The Pride of Australia

He won the 2005 World Series of Poker, pocketed almost AUD $10 million and now mingles with the rich and famous. But five years after that victory, Joe Hachem is still the down-to-earth guy from Melbourne’s northern suburbs as Sarah Marinos discovered.
14 Aussie Millions Special Edition 2011
Joe Hachem has experienced more than a few of those “pinch-me” moments since winning the 2005 WSOP Main Event. As he stepped into the foyer of the luxurious Hotel Du Cap in the South of France he spotted Angelina Jolie chatting to Robert De Niro.
George Clooney and Brad Pitt were nearby. Joe had just spent the afternoon on a multi-million dollar yacht standing next to Pitt, Clooney, Matt Damon and the other Hollywood heavyweights who starred in Ocean’s Thirteen.
“A photo shoot was organised with me and the cast at the Cannes Film Festival,” Hachem said. “I was on a yacht dressed in a tuxedo and slippers because we weren’t allowed to wear shoes on the yacht. There’s Brad Pitt and George Clooney and Matt Damon with me – it was surreal.
“But I’m a poker player so I bluff.
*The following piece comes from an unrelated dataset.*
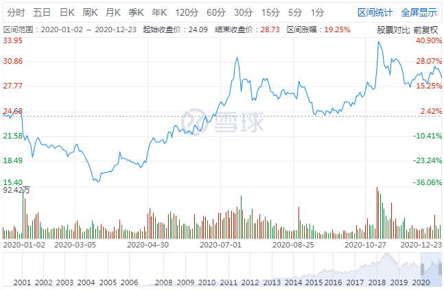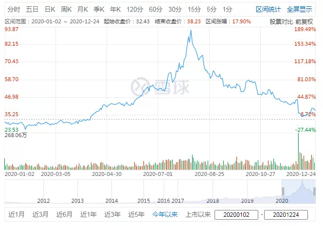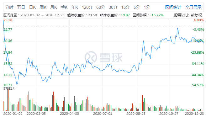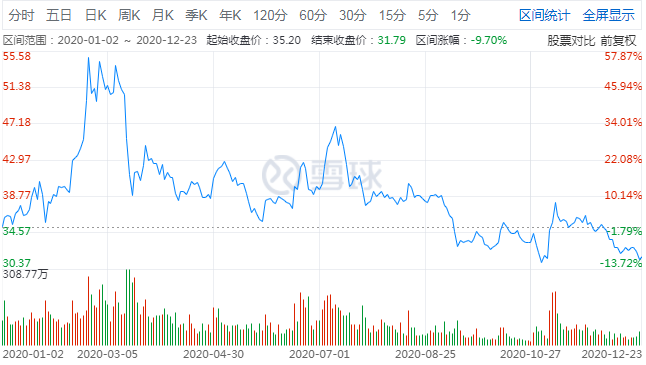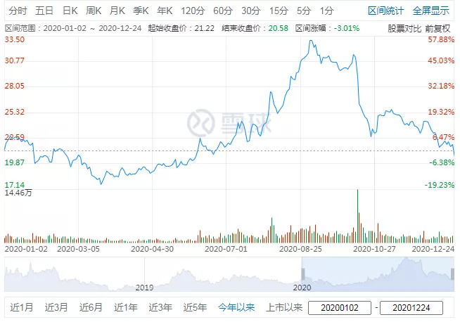 中兴通讯在港交所发布公告称,近期新闻报道中针对公司历史上已经公开报道过的事项涉嫌贿赂进行调查,公司未收到美国政府相关部门就此事的通知,目前生产经营活动一切正常。3月17日、18日,中兴通讯再度大幅下跌,前后3个交易日跌幅23.01%,市值蒸发超500亿。2020年全年中兴通讯股价涨幅-9.7%,截至12月24日报收31.17元/股,较年内最高点跌去42%,总市值1466.61亿。

Nobody knew what I was feeling. Inside I was thinking ‘Joe, is this really happening?’ On the outside I looked like I did this sort of thing every day!” Back at their hotel, Damon and actor Don Cheadle suggested a game of poker. But Clooney and Pitt blanched.
“Matt and Don were solid guys but the rest of the cast were apparently intimidated. We wanted to play a poker tournament for fun and Matt tried to persuade Brad and George to join the game but they said no. Matt explained they probably didn’t want to look like fools when they played with me,” Hachem laughed.
He shakes his head in disbelief at the thought of Hollywood’s highest-paid and most popular actors feeling intimidated by a father-of-four and former chiropractor from Melbourne’s northern suburbs.But since his win in the WSOP Main Event five years ago, life has changed dramatically for Hachem and poker in Australia has now a mainstream interest.
Hachem has become so well known internationally that a couple of years ago he was even – wrongly – rumoured to be dating Britney Spears.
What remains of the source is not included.